Martin Spring's On Target: Opportunities in This Developing Crisis
Comment of the Day

September 19 2012

Commentary by David Fuller

Martin Spring's On Target: Opportunities in This Developing Crisis

My thanks to the author for his ever-interesting letter. Commencing with a discussion of Jeremy Grantham's pessimistic outlook for world food supplies, here is the opening:
We are five years into a severe global food crisis that is very unlikely to go away, says the well-known US fund manager Jeremy Grantham of GMO.

This developing problem is badly underestimated by almost everybody, he argues. It will threaten poor countries with increased malnutrition, starvation, even collapse.

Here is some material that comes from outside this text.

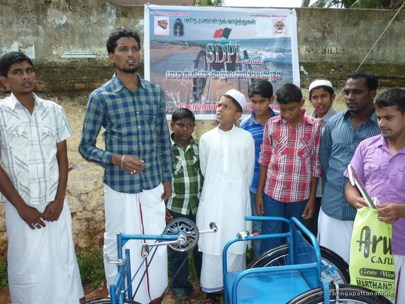 Social Democratic Party Of India SDPI Donated a Hand Cycle to Mr. Sirajudheen, Thengapattanam. Cycle was Handed over by Jamaath Peoples and Conveiner after Eid Prayer, infron tof valiyapalli. SDPI Fund Collection for Assam Peoples

Resource squabbles and waves of food-induced migration will threaten global stability and global growth.

Paul Conway, vice-chairman of Cargill, the world's biggest agribusiness, says the world's hundred-year decline in food prices relative to personal incomes "is probably over."

Over the past decade the average price of food as measured by the United Nations has tripled. The poor feel the pain - Egyptians now have to spend 40 per cent of their income on food.

Although there are temporary factors that worsen the situation, such as the current drought in North America, the fundamental problem is that demand is growing faster than supply. Driving demand are three factors:

David Fuller's view I too am a Grantham fan. He is very successful, an original thinker and as nice a gent as one is likely to meet in the financial community. I regard his views as erring on the pessimistic side, and pessimists have had a good run in recent years.

Subscribers may recall that Fullermoney has often expressed concern about food supplies in recent years, not least regarding the dire consequences of shortages for poorer countries. However, I also maintain that the world is more than capable of feeding its expanding population, subject to weather developments.

Unfortunately, we cannot take generally benign growing conditions in the world's major agricultural regions for granted. In reality, we never could but global warming is a more recent and serious concern for anyone who is not in total denial. However, a warmer climate on average is far less of a threat to most agricultural crops than global cooling would be.